Но в тех случаях, когда россиянин становился свидетелем «бестормозного» способа разговора Юноны в офисе, он, конечно же, немедленно обращал на это её внимание. Иногда в мягкой, иногда – в более острой форме. Иногда даже в присутствии того же работника, если этот разговор происходил втроём. Например, таким близким Юноне сотрудником в фирме был Адам – муж её младшей сестры. Очень старательный и исполнительный, он с удивительным хладнокровием воспринимал недопустимый с точки зрения Андрея формат общения Юноны с подчинёнными. Россиянин не раз задавался вопросом: что тому объяснением – эмоциональная «толстокожесть» Адама или его великолепное самообладание?
По сути, замечания польки были справедливы и по делу – что в отношении Адама, что по адресу других сотрудников. Но вот форма! Язвительность, поучающий тон и ещё какой-то флюид – трудно даже было это описать словами. Однажды россиянину пришлось провести один очень трудный разговор с конфликтным контрагентом. И этот человек – в принципе неприятный Андрею, с которым потом пришлось решать вопрос через суд (кстати, выигранный) – сказал слова очень чётко характеризующие способ общения польки. Пересказывая россиянину свой телефонный разговор с Юноной, весь кипя от возмущения, он произнёс: «... А она мне таким хамско-вежливым голоском отвечает...». И когда Андрей услышал такую дефиницию, он прекрасно понял, о чём говорит поляк. Более того, он, к сожалению, был с ним на все сто процентов согласен. Именно «хамско-вежливым». Именно этой манерой выводила россиянина из себя Юнона в последний, третий период их общения, когда перестала притворяться. И именно эта манера гипертрофически усилилась у неё после весны 2020 года – когда она покинула россиянина, уехав в деревню, но бывая пару раз в месяц в офисе.
Кстати, когда Юнона покинула офис той роковой весной, Андрей вынужден был со смиренным, понимающим прискорбием отметить про себя, что не нашлось в офисе человека, который бы пожалел об этом. Казалось даже, что некоторые сотрудники вздохнули с облегчением. Осознавать это было очень горько. Но винить кого-либо, кроме самой Юноны, было невозможно.

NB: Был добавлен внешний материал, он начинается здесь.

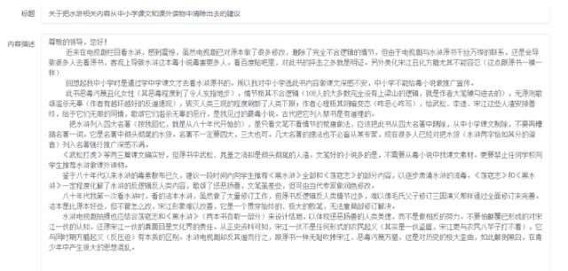 最后,该网友认为,“《武松打虎》等两三篇课文确实好,但原书中武松、晁盖之流却是彻头彻尾的人渣。文笔好的小说多的是,不需要从毒小说中找课文素材。更要禁止任何学校向学生推荐水浒做课外读物。”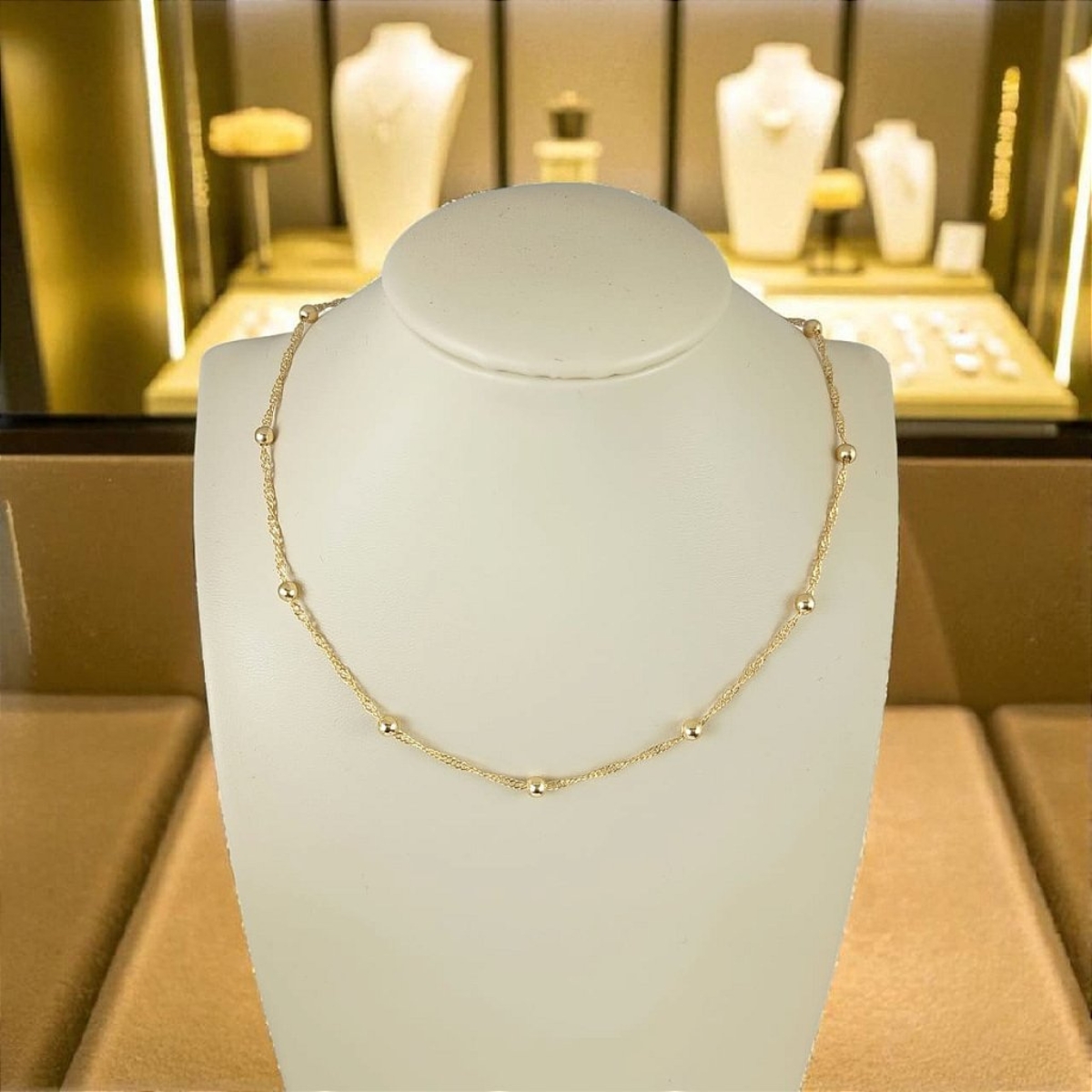 Refinada e atemporal, esta corrente banhada a ouro é o toque perfeito de elegância que transforma qualquer visual. Seu design delicado combina elos trançados com esferas polidas, criando um brilho sofisticado e equilibrado.

В разговоре с женщиной есть один болезненный момент. Ты приводишь факты, доводы, аргументы. Ты взываешь к логике и здравому смыслу. И неожиданно обнаруживаешь, что ей противен сам звук твоего голоса.
             (Сергей Довлатов)

Конечно, поначалу Андрей пытался со всем этим бороться. Вначале ему представлялось, что Юнона делает это неосознанно – как малый ребёнок, которому ещё никто не успел объяснить «что такое хорошо, а что такое плохо». И, казалось ему, достаточно раз, два доброжелательно поговорить с полькой – и проблема будет решена: ведь она его так любит. Любит так, что примет все эти замечания немедленно близко к сердцу и будет стараться измениться. Но... не тут-то было.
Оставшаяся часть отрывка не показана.